Б.-А. Л. Да, у меня есть любимые детища. Но это не те книги, которые вы назвали. Больше всего я люблю дневник боснийской войны, «Лилия и пепел»…

Ф. Б. Почему? Потому что это «новый журнализм»? Потому что это субъективно?

Б.-А. Л. Скажем, да. Это субъективный журнализм. Но этот термин применим также к другой моей книге: о забытых войнах. Возможно, в конечном счете именно ее я люблю больше всего.
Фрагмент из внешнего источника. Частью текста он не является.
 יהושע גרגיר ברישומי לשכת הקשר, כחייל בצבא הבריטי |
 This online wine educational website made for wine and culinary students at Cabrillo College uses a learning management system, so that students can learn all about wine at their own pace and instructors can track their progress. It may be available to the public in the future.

Ф. Б. По той же самой причине?

Б.-А. Л. Да. И еще потому, что это благоговейная книга, цель которой — поправить непоправимое, то есть попытаться вспомнить тех, кто канул в небытие без числа, без имени, без могилы, без лица. Вот тема книги. Это также попытка создать памятник на бумаге тем, кто погиб где-то в Бурунди, Южном Судане, Колумбии. Это попытка вернуть имя хотя бы немногим из тех, кто погиб, не оставив следа, и не фигурирует ни в каких архивах. Видите ли, ситуация в тех странах, где число погибших исчисляется сотнями тысяч, где никто не помнит их лиц, где даже имена их нигде не записаны и нет места, где живые могли бы их оплакать, представляется мне страшным проклятием. «Я сам — могила моего отца», — говорил Шарль Бодлер, отец которого, как вы знаете, в молодости был священником, а потом лег в общую могилу. Так вот, люди, которым посвящена эта книга, — это миллионы Франсуа Бодлеров, миллионы… Кроме того, есть еще третья книга, которая мне дорога, возможно, по той же самой причине, — это моя книга о Дэниэле Перле…
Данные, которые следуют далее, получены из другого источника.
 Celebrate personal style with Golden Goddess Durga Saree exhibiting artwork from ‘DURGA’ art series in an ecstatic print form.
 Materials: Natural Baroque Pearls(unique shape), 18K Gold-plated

Ф. Б. Эти книги вы называете «роман-расследование», но по сути это документальные романы. Этому жанру в 1966-м положил начало Трумен Капоте, когда написал «О хладнокровии»…

Б.-А. Л. И да и нет. Книга о Перле — это прежде всего расследование, опирающееся на тщательно собранный материал, внимательное изучение фактов, достоверность (за исключением той главы, где я воображаю себе его монолог перед казнью). Эта книга соответствует самым строгим этическим правилам журналистики. Что касается книги о Боснии, она представляет собой дневник, который я вел в течение четырех ужасных лет боснийской войны, — я вынул из него лишь страницы интимного характера. Тогда как книга о забытых войнах отчасти построена по принципу набоковского «Бледного огня»[294]: длинный основной текст, снабженный сносками, которые отсылают к следующим тремстам страницам.

Ф. Б. Вы не вспоминаете о вашем «Дьяволе в голове», романе, получившем в 1984-м премию «Медичи». Вы молчите о «Последних днях Шарля Бодлера», книге, за которую в 1988-м вы удостоились премии «Интералье».

Б.-А. Л. Да, действительно. Давайте о них не сегодня. Завтра приходите. Я, знаете ли, иногда капризен.

Ф. Б. А «Век Сартра»? Я очень хорошо помню, как прозвучала эта книга в 2000-м — последний раз, когда признание было всеобщим…

Б.-А. Л. Вот именно!

Ф. Б. Вот именно, потому что тут нечего обсуждать, Сартр говорит сам за себя?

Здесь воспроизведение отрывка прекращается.